### EXERCISE REQUIREMENTS
Repeat the data word for word and skip the pictures.

################

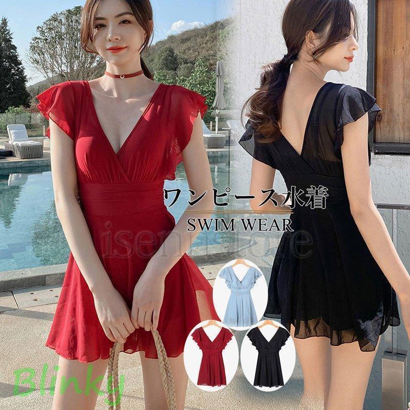 ワンピース水着 モノキニ ワイヤー Vネック オールインワン 水着 レディース ビキニ フレアバンドゥ 一体型 ショートパンツ 大人 ママ水着
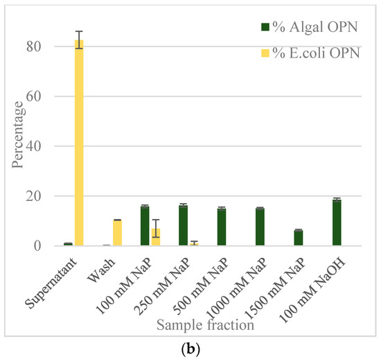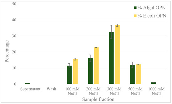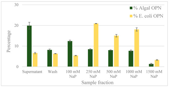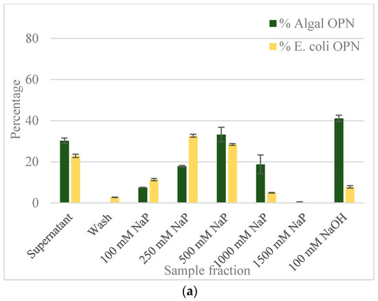 Gallium, iron and zinc immobilized on Chelating Sepharose are known to bind phospho-peptides by coordinate bonds [33,34,35]. Gallium, having higher affinity than other metals for phosphorylated peptides [36], has been selected in this study to determine if differential interactions between Ga3+ and phosphorylated protein residues could be utilized for the separation of C. reinhardtii OPN from non-phosphorylated proteins. As before, E. coli OPN has been used to assess the specificity of OPN–Ga interactions due to phosphorylation. To eliminate any ionic interactions between the protein and Ga-IMAC resin, OPN adsorption and elution was tested in the presence of 150 mM and 500 mM NaCl. Results from Ga-IMAC batch adsorption chromatography are shown in Figure 7. Approximately 20% of C. reinhardtii OPN remained unbound in the supernatant compared to only 7% of E. coli OPN. An additional 8% of algal OPN was removed during the resin wash step. The majority of the unbound and wash fractions contained 35 kDa form of algal OPN (Supplementary data Figure S2) which, as discussed above, did not bind strongly to CHT either. The adsorbed C. reinhardtii OPN started to elute with 100 mM NaP with 8%–12% of 45 kDa OPN continuing to elute in each step elution up to 1000 mM NaP concentration. The major fraction (21%) of bound E. coli OPN was in the second step elution with 250 mM NaP (Figure 7). The remaining bound E. coli OPN was eluted with 500 and 1000 mM NaP.
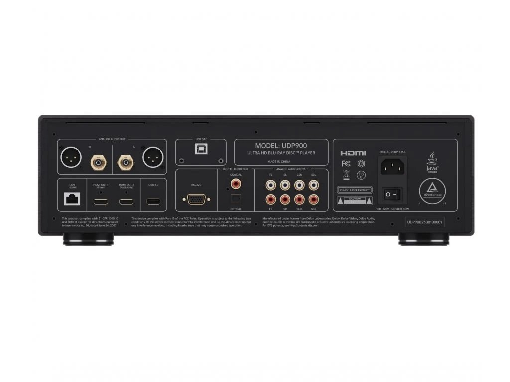 UDP900 podporuje všechny nejmodernější video standardy vysokého dynamického obrazu Dolby Vision a HDR včetně HDR 10+. Audiofilové budou nadšeni ze zvukového projevu nejen ve stereo reprodukci, kde byl použit špičkový D/A převodník ESS9038PRO samozřejmě nemohou chybět RCA a XLR symetrické analogové výstupy pro zakomponování pro 2-kanálové high end audio sestavy. Velkou devízou je implementace 7.1 analogového výstupu v podobě RCA poháněným D/A převodníkem ESS9028PRO. Nevídaným prvkem je kvalitní sluchátkový výstup a USB B vstup pro využití zmíněného špičkového D/A převodníku pro připojení nejmodernějších audio streamerů či PC.
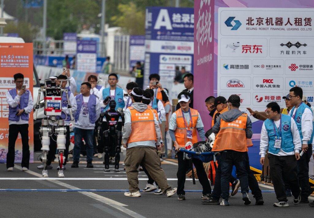 中国・北京市で19日、「2026北京亦荘(えきそう)人型ロボット・ハーフマラソン」が開幕した。人型ロボットによる同種の競技は過去2年間で3回目となる。競技中にロボットが停止し、担架で運び出される場面は常態化しつつあり、会場ではトラブル対応が前提となっている。
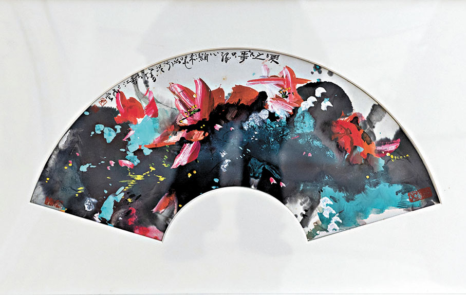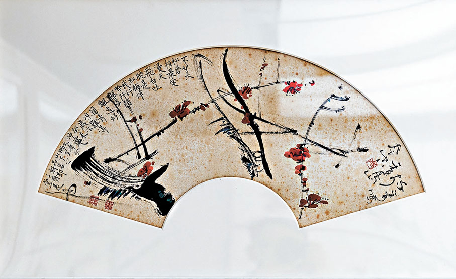 岑文濤畫風多元,除了狂放大氣的書畫作品,展覽現場還有許多別具趣味的小品佳作,譬如在兩幅畫扇作品中,岑文濤用精緻細膩的筆觸,獨具匠心的命意,將傲骨英風的梅花、淤而不染的蓮花,活靈活現地重現於精巧的扇面之上。

################

### EXERCISE RESPONSE
 ワンピース水着 モノキニ ワイヤー Vネック オールインワン 水着 レディース ビキニ フレアバンドゥ 一体型 ショートパンツ 大人 ママ水着
 Gallium, iron and zinc immobilized on Chelating Sepharose are known to bind phospho-peptides by coordinate bonds [33,34,35]. Gallium, having higher affinity than other metals for phosphorylated peptides [36], has been selected in this study to determine if differential interactions between Ga3+ and phosphorylated protein residues could be utilized for the separation of C. reinhardtii OPN from non-phosphorylated proteins. As before, E. coli OPN has been used to assess the specificity of OPN–Ga interactions due to phosphorylation. To eliminate any ionic interactions between the protein and Ga-IMAC resin, OPN adsorption and elution was tested in the presence of 150 mM and 500 mM NaCl. Results from Ga-IMAC batch adsorption chromatography are shown in Figure 7. Approximately 20% of C. reinhardtii OPN remained unbound in the supernatant compared to only 7% of E. coli OPN. An additional 8% of algal OPN was removed during the resin wash step. The majority of the unbound and wash fractions contained 35 kDa form of algal OPN (Supplementary data Figure S2) which, as discussed above, did not bind strongly to CHT either. The adsorbed C. reinhardtii OPN started to elute with 100 mM NaP with 8%–12% of 45 kDa OPN continuing to elute in each step elution up to 1000 mM NaP concentration. The major fraction (21%) of bound E. coli OPN was in the second step elution with 250 mM NaP (Figure 7). The remaining bound E. coli OPN was eluted with 500 and 1000 mM NaP.
 UDP900 podporuje všechny nejmodernější video standardy vysokého dynamického obrazu Dolby Vision a HDR včetně HDR 10+. Audiofilové budou nadšeni ze zvukového projevu nejen ve stereo reprodukci, kde byl použit špičkový D/A převodník ESS9038PRO samozřejmě nemohou chybět RCA a XLR symetrické analogové výstupy pro zakomponování pro 2-kanálové high end audio sestavy. Velkou devízou je implementace 7.1 analogového výstupu v podobě RCA poháněným D/A převodníkem ESS9028PRO. Nevídaným prvkem je kvalitní sluchátkový výstup a USB B vstup pro využití zmíněného špičkového D/A převodníku pro připojení nejmodernějších audio streamerů či PC.
 中国・北京市で19日、「2026北京亦荘(えきそう)人型ロボット・ハーフマラソン」が開幕した。人型ロボットによる同種の競技は過去2年間で3回目となる。競技中にロボットが停止し、担架で運び出される場面は常態化しつつあり、会場ではトラブル対応が前提となっている。
 岑文濤畫風多元,除了狂放大氣的書畫作品,展覽現場還有許多別具趣味的小品佳作,譬如在兩幅畫扇作品中,岑文濤用精緻細膩的筆觸,獨具匠心的命意,將傲骨英風的梅花、淤而不染的蓮花,活靈活現地重現於精巧的扇面之上。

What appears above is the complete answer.